8 takeaways from:
The power of visual storytelling

We recently ran an event with the PPA (Professional Publishers Association) to put a spotlight on the power of visual storytelling.

Here are a series of practical takeaways and tips from the expert speakers who joined us on the day.

Readers want to be informed, inspired and engaged. Visual storytelling is a powerful way to connect deeper with online audiences, across devices.

Visual storytelling can help make the complex easier to understand, and deliver more impact as a result.

See how Euromoney breaks down the data in Game Changer, not Game Over, or how the Telegraph provides deeper geographical and statistical context as the reader scrolls in Fleeing Syria.

Equally, by delivering a more compelling narrative you can drive your audience to take actions, whether simply being more inclined to share a story with their own network, or perhaps donating or adding their name to a cause.

The combination of rich visuals and great writing can also often help to bring to life the emotion and atmosphere of a story in a way a standalone medium never could.

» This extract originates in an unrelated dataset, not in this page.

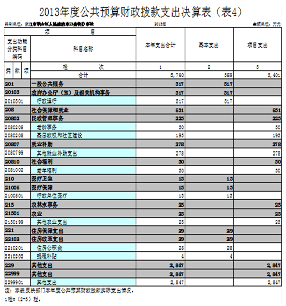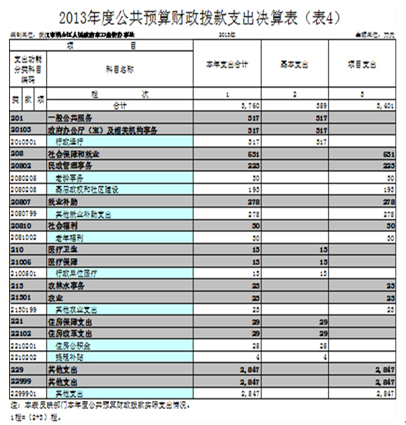 四、武汉市洪山区人民政府卓刀泉街办事处2013年度公共预算支出决算表

Read more on how the British Red Cross uses Shorthand to share powerful narratives on often complicated matters.

And readers are engaging. The average time spent on a Shorthand story in 2016 was 18 minutes, and more than half the traffic to Shorthand stories comes from mobile devices – proving that even on smaller screens there is an appetite, and attention span for more visual, engaging storytelling.

Don’t ask too much of your readers. They like to scroll, but limit extra clicks and exploration. Give them a narrative, and a simple journey.

One of the speakers during the event was Giles Wilson, creative director at Harpoon Productions, and former editor of the BBC News Magazine.

He shared his "autocrat's rules for the web" when delivering visual storytelling, and stressed how these readers want control and a clear journey through the narrative.

"Don’t make me click about the page. If you insist that I have to make more than one click, don’t make me move my mouse as well. I want all my clicks in the same place. Got that? The most I will do for you is scroll"

Giles Wilson, Harpoon Productions
Layer media to break down detail as the reader scrolls. And use media and interactivity with purpose.

Where possible, keep interactivity part of the reader's top-to-bottom scrolling through the story.

This mirrors the above point on not requiring your reader to click around the screen to engage - keep it simple and bring in extra layers based on your reader's engagement with the overall narrative.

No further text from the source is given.